[MATERIAL PROVIDED Boundary: Start]

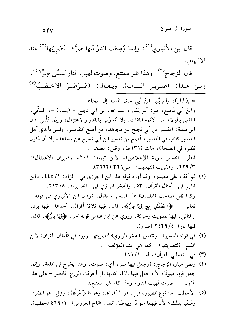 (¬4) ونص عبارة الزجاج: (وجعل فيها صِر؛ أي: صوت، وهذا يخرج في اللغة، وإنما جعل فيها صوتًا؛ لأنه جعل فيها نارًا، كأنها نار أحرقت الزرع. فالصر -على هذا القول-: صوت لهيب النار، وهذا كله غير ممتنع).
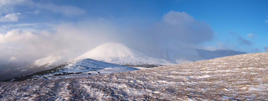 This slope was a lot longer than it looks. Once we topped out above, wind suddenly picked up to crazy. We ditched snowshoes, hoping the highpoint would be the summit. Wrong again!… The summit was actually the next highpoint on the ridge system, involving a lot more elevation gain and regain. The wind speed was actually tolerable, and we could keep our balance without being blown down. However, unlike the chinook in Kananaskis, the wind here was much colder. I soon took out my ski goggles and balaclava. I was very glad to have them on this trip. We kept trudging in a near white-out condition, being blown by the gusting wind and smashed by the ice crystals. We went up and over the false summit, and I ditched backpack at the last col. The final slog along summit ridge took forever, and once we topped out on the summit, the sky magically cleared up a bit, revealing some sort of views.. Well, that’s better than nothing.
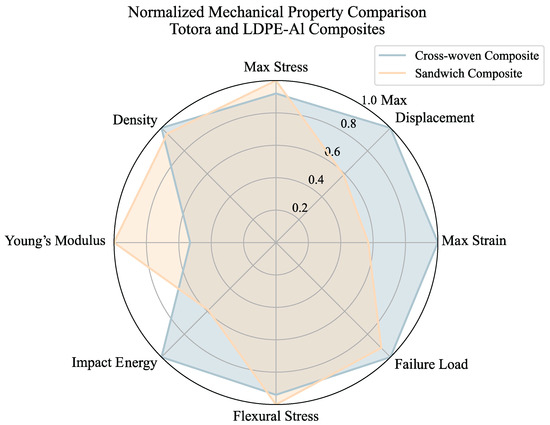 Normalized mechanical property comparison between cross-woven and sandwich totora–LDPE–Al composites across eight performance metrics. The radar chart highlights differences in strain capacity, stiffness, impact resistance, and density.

[MATERIAL PROVIDED Boundary: End]

▶ _TASK TO COMPLETE_: A verbatim copy of the data, with all pictures omitted, is the required output.

▶ _EXERCISE RESULT_:
 (¬4) ونص عبارة الزجاج: (وجعل فيها صِر؛ أي: صوت، وهذا يخرج في اللغة، وإنما جعل فيها صوتًا؛ لأنه جعل فيها نارًا، كأنها نار أحرقت الزرع. فالصر -على هذا القول-: صوت لهيب النار، وهذا كله غير ممتنع).
 This slope was a lot longer than it looks. Once we topped out above, wind suddenly picked up to crazy. We ditched snowshoes, hoping the highpoint would be the summit. Wrong again!… The summit was actually the next highpoint on the ridge system, involving a lot more elevation gain and regain. The wind speed was actually tolerable, and we could keep our balance without being blown down. However, unlike the chinook in Kananaskis, the wind here was much colder. I soon took out my ski goggles and balaclava. I was very glad to have them on this trip. We kept trudging in a near white-out condition, being blown by the gusting wind and smashed by the ice crystals. We went up and over the false summit, and I ditched backpack at the last col. The final slog along summit ridge took forever, and once we topped out on the summit, the sky magically cleared up a bit, revealing some sort of views.. Well, that’s better than nothing.
 Normalized mechanical property comparison between cross-woven and sandwich totora–LDPE–Al composites across eight performance metrics. The radar chart highlights differences in strain capacity, stiffness, impact resistance, and density.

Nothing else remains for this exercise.